- Genre: Youth show; Dance; Romance;
- Created by: Anahata Menon
- Screenplay by: Pretti Mamgain; Mitali Mahajan; Dialogue:; Preeti Mamgain;
- Story by: Preeti Mamgain; Mitali Mahajan;
- Directed by: Sidharth Sengupta; Iqbaal Rizzvi; Sahil Sharma;
- Creative director: Snehil Dixit Mehra
- Starring: Niyati Fatnani Utkarsh Gupta
- Music by: Bards of the East Band
- Country of origin: India
- Original language: Hindi
- No. of seasons: 2
- No. of episodes: 91

Production
- Producers: Sidharth Sengupta; Jyoti Sagar;
- Production locations: Mumbai; Goa;
- Cinematography: Hanoz VK
- Editors: Jaskaran Singh; Imran Chauhan;
- Camera setup: Multi-camera
- Running time: Approx. 22 minutes
- Production company: Urban Brew Studios

Original release
- Network: Channel V India
- Release: 22 February – 30 June 2016

= D4 - Get Up and Dance =

D4 - Get Up and Dance is an Indian dance fiction television series that premiered on [[Channel V India|Channel [V] India]] on February 22, 2016. The show incorporates elements of drama, romance, and dance choreography. D4 was produced by Urban Brew.

==Plot==
Niharika Sinha, the AKA 'Baby', is a girl living in Delhi who dreams of becoming a dancer. Mikhail Shah is a famous choreographer living in Goa, and he is also Baby's idol. Baby becomes Mikhail's adoring manager and secretly falls in love with him. Baby is heartbroken to learn that her manipulative boss, Netra, is in a relationship with Mikhail.

Mikhail creates a show called Soul Mates about the love of two people, "Ruhans" (played by Mikhail) and "Aneri." Mikhail has a difficult time casting Aneri, a role that Netra would like to play herself. When Mikhail sees Baby dancing, Baby is asked to play the part of Aneri, but she initially declines, fearing her father's reaction. Baby eventually agrees to play the part of Aneri for one month, despite Netra attempting to stop her. When Mikhail finds out about Netra's failed plan, the two break up.

While travelling back to Delhi to visit her sick grandmother, Baby is involved in a car accident that leaves her paralyzed and unable to dance. Returning to Goa, Mikhail promises to help her dance again. Mikhail's best friend Harry fears these efforts will jeopardize Mikhail's career. Harry tells Baby to leave for Mikhail's sake, and Baby returns to Delhi. Through physiotherapy, Baby learns how to walk again.

Even though he doesn't care for Netra, Harry still works with her for Mikhail's benefit.
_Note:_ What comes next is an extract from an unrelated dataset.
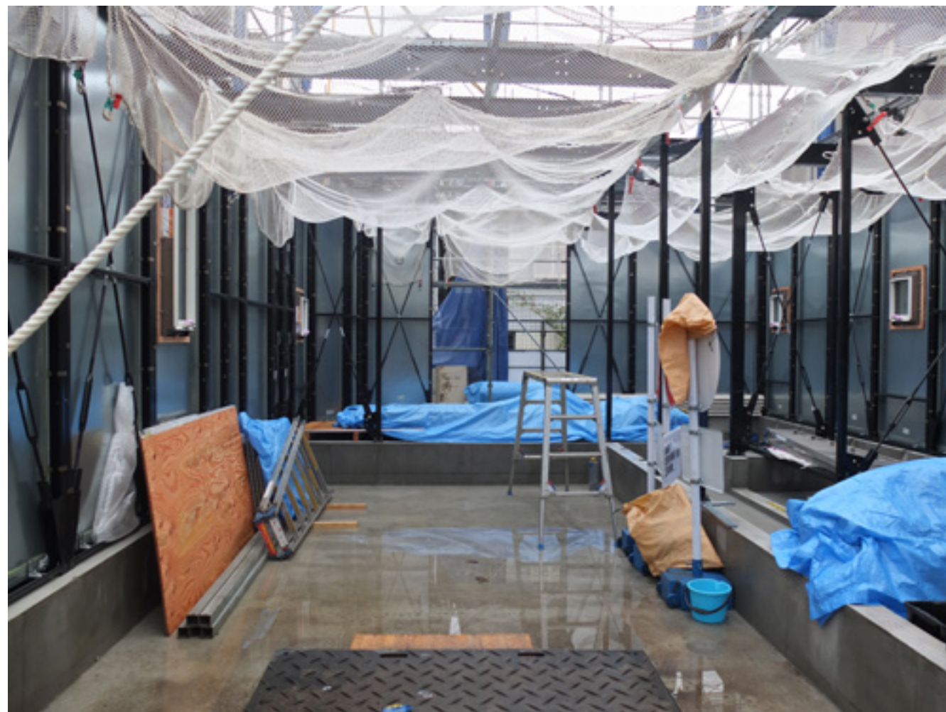
35°39'47.4"N 139°42'48.0"E Tokyo

Diya, Harry's girlfriend, doesn't like the pair working together and breaks up with him. Baby and Harry devise a plan to pretend they love each other, which causes Diya to realize she still loves Harry, and they get back together. However, this makes Mikhail jealous. Baby explains her fake relationship with Harry to Mikhail and indirectly tries to make Mikhail realize how much she loves him.
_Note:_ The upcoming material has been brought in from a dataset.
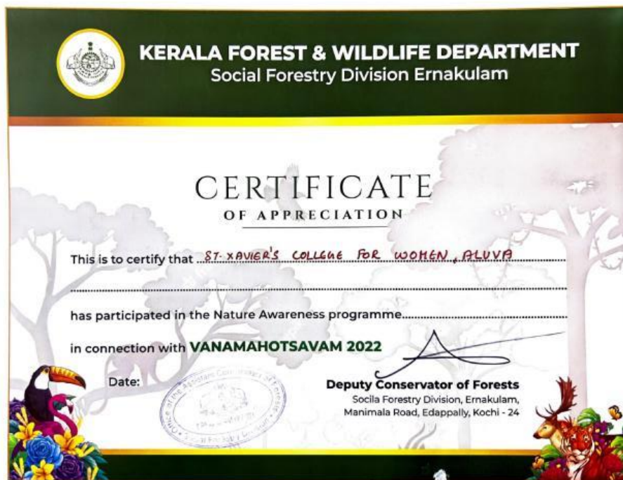
Figure 2 Vanamahotsavam Participation Certificate (Awareness Programme)

Baby and Mikhail spend an evening together dancing, and Mikhail takes her home. Mikhail realizes that he is in love with Baby and proposes to her during the performance of "Soulmate," and Baby accepts. This angers Netra, and she retaliates by calling Baby's father. Baby's father sends Tarun to save her and tells her that if she doesn't agree to marry him, she is not allowed to remain in Goa.
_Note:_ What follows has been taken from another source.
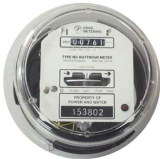
Meter Used for Home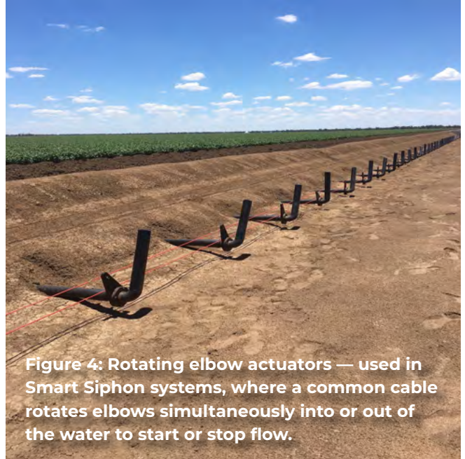
Figure 4: Rotating elbow actuators — used in Smart Siphon systems, where a common cable rotates elbows simultaneously into or out of the water to start or stop flow.

The same night, Mikhail comes to Baby's room and dances for her. She tells him that she is getting engaged to Tarun, only explaining that it is because of her father. Mikhail is heart broken.

On the day of Baby's engagement to Tarun, Mikhail pleads with Baby to listen to her heart, but she tells him no. Mikhail forcefully kisses Baby, and she doesn't stop him. When he asks her if she felt anything, she lies and tells him no, and follows through with her engagement to Tarun.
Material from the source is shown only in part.